Immunohistochemistry
Tissue samples were paraffin-embedded to cut into sections with 4μm thickness for hematoxylin-eosin (HE) and immunohistochemistry (IHC) analysis mainly according to our previous protocols [21]. The primary anti-PGRMC1 antibody (ab48012, Abcam) was used at a dilution of 1:200. The second antibody was a biotinylated anti-goat IgG (ZB-2306, ZSGB-BIO Corp., Beijing, China). Tissue slices were visualized by 3, 3-diaminobenzidine solution and counterstained with hematoxylin. Meanwhile the primary antibody was substituted by phosphate-buffered saline (PBS) serving as a control sample.
An estimated percentage of IHC staining was determined by calculating the average number of positive stained cells from 3–4 microscopic fields under 400-fold magnification. The score for positive staining cells was defined as 0–4 with the percent of positive cells separately ranged from 0–5%, 6–25%, 26–50%, 51–75% and over 75%. Similarly the staining intensity was divided into 4 levels: 0, negative; 1, weak; 2, moderate; 3, strong. The final immunoreactivity score for each tissue slice was defined as the staining intensity multiplied by percentage of positive cells [22]. The scores, ranging from 0 to 12, indicate different PGRMC1 abundance in tissues, including a negative (0, -); weak (1–3, +), moderate (4–7, ++) and strong PGRMC1 abundance (8–12, +++).
ELISA
The PGRMC1 concentration in human serum was measured by the ELISA (CUSABIO, CSB-EL017876HU). Serum samples were added into a 96-well plate with pre-coated anti-PGRMC1 antibody (ab48012, Abcam) to incubate for 1h at 37°C, then the plate was washed with PBST buffer (3.2 mM Na2HPO4, 0.5 mM KH2PO4, 1.3 mM KCl, 135 mM NaCl, 0.05% Tween 20, pH 7.4) for 5 times, and incubated with the secondary antibodies for 1h at 37°C. Being stopped by adding 1 N HCl, the absorbance in the 96-well plate was detected at 450 nm on an ELISA Reader (Multiskan Mk3, thermo) with the correction factor at 570 nm.
Western blot
To validate the accuracy of MS quantification for PGRMC1, PGRMC1 concentration in tissue or serum sample was also detected by Western blotting. 40ug tissue proteins, or 20μg serum samples without high-abundant proteins were separated on a 12% SDS-PAGE gel, then transferred onto a PVDF membrane. Subsequently the membrane was incubated in TBST buffer (20mM Tris-HCl, pH 7.6, 150mM NaCl, 0.1% Tween-20) with 5% non-fat milk to block nonspecific binding at room temperature for 1 h. Then the PVDF membrane was incubated with the anti-PGRMC1 antibody (ab48012, Abcam) at a dilution of 1:1000 in TBST with 1% non-fat dry milk overnight at 4°C. The PVDF membrane was washed with the blocking solution and incubated with the HRP-conjugated secondary antibody with a dilution of 1:10000 (ZhongShan-Golden Bridge, China) at 37°C for 1h. Detection was carried out using the ECL reagent (Amersham Biosciences, Piscataway, New Jersey, USA). For the cellular protein sample, β-actin was taken as a comparison control for western blotting.
Cell viability assay
The mammalian expressing vector pMIR-DFT with double Flag sequences [23], was used to express exogenous PGRMC1 in transiently transfected cells. The PGRMC1 gene was cloned into the Bam HI and Xho I sites of the vector. 5×103 OS-RC-2 cells per well were seeded into a 96-well plate for transfection of the recombinant plasmid Flag-tagged PGRMC1 (pFlag-PGRMC1) by polyethyleneimine (PEI) [24] at 1:1 weight ratio for 24-96h and measure cells’ growth. Each time point was performed in parallel with 3 repetitions.

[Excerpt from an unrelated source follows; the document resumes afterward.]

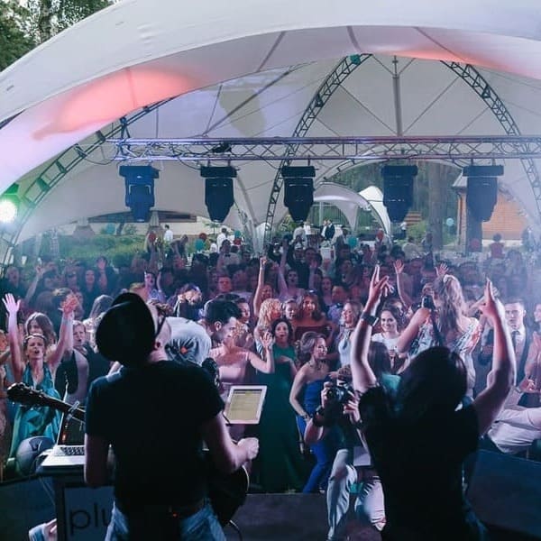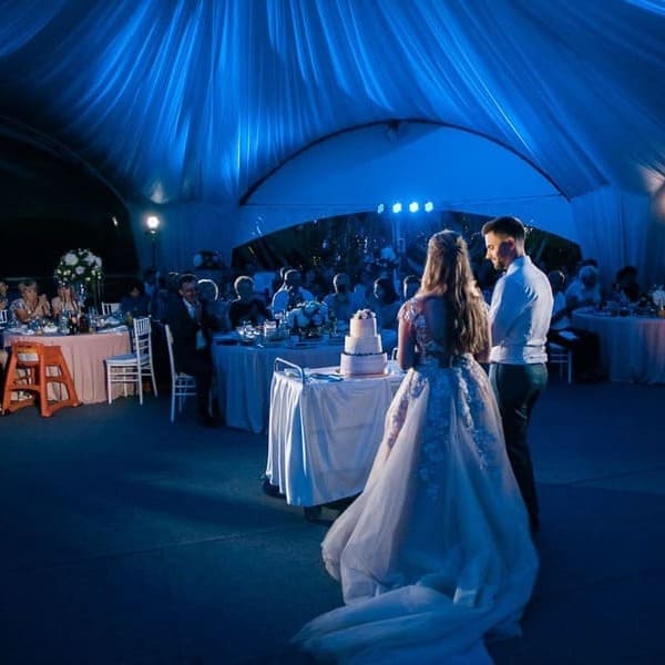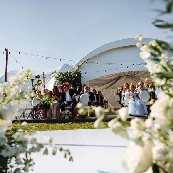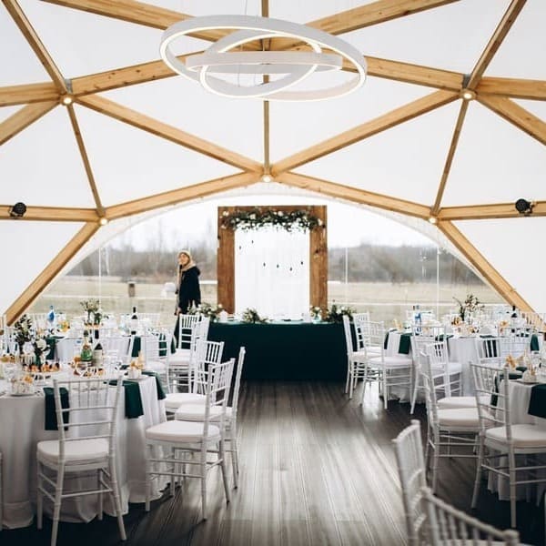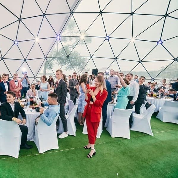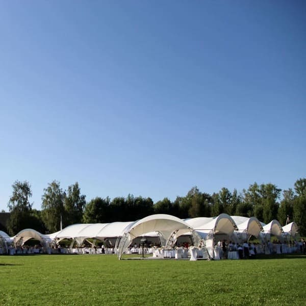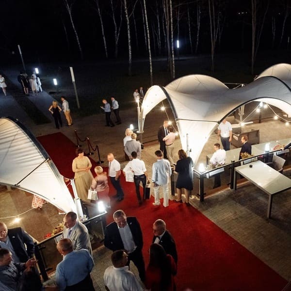 Prostorné a elegantní venkovní svatební pavilony nejenom nahrazují restaurace, ale také umožňují pořádání oslav téměř na jakémkoli místě, přičemž zaručují krásné a pohodlné prostředí pro všechny hosty. Lehké a vzdušné struktury pavilonů vytvářejí dovolenkovou atmosféru a ideální místo pro venkovní svatební obřad, který se po slavnostním aktu promění na taneční parket, hostinovou síň a fotografickou zónu. Pavilony pojme libovolný počet hostů, zatímco klimatizační a ventilační systémy zajistí jejich pohodlí.

Meanwhile, the shRNA plasmid against PGRMC1, which ordered from Santa Cruz Biotechnology (sc-76111-SH, Santa Cruz Biotechnology, CA), was transfected to 5×103 OS-RC-2 cells in a 96-well plate to monitor cell proliferation.
Cells were cultured in RPMI 1640 (Gibco, Gaithersburg, MD) (L-glutamine and 25mM HEPES) media with 10% FBS, 100μg/mL streptomycin (Life Technologies, Grand Island, NY). Cell viability was measured by the methylthiazoletetrazolium (MTT) method and with 3 biological repeats, the final result was statistically estimated. All data were presented as the mean ±Standard Deviation (SD). Cell viability was mathematically present as absorption in test divided by the control.
Results and Discussion
Bioinformatic analysis on differential proteins
In MS experiments, 1099 proteins were both identified in RCTs and PKTs. And 931 proteins were successfully quantified, 97% of which were determined by the isotopic intensity ratios of two or multiple Leu-containg peptides, only 3% being quantified by one. The average SD, calculated by the isotopic intensity ratios from multiple Leu-containg peptides, was 0.17 for all 931 quantified proteins. The change ratio from 1.3 to 2.0 is often used as cut-off value for both statistical and biological significance [7, 20]. Here we defined the altered protein with its change ratio above 1.34 or below 0.66 as a significantly up-regulated or down-regulated one between RCTs and PKTs. Totally 82 proteins, including 69 up-regulated and 13 down-regulated ones, were detected (S1 Table). From which, more than 20 proteins have been identified by other research groups before, such as PKM2, an nexin family proteins, vimentin, heat shock proteins [25–27] and tyrosine 3-monooxygenas [28].
Based on the classification of Gene Ontology (GO) annotation (http://www.ncbi.nlm.nih.gov/), 82 changed proteins are involved in multiple cell functions (Fig 1). Among these proteins, 18.2% of which, including pyruvate kinase isozyme M2, fructose-bisphosphate aldolase A, isoform 1 of pyruvate dehydrogenase E1 component subunit beta and peroxiredoxin-6, are involved in glycolysis [25, 27], cell redox homeostasis and oxidation reduction[26]. And 17.1% play functions in protein transport, protein folding and translational elongation such as HSP90B1, PPIB, and CANX. In addition, 8 proteins take part in signal transduction, as well as 9 influencing on cell metabolism. The cellular distributions are very wide, mainly locating in cytoplasm (21%), nucleus (14%), cell membrane (7%), mitochondrion (12%), endoplasmic reticulum (10%) and other cell fractions (Fig 1B).
GO enrichment analysis of differential proteins based on molecular function (A) and cellular component (B).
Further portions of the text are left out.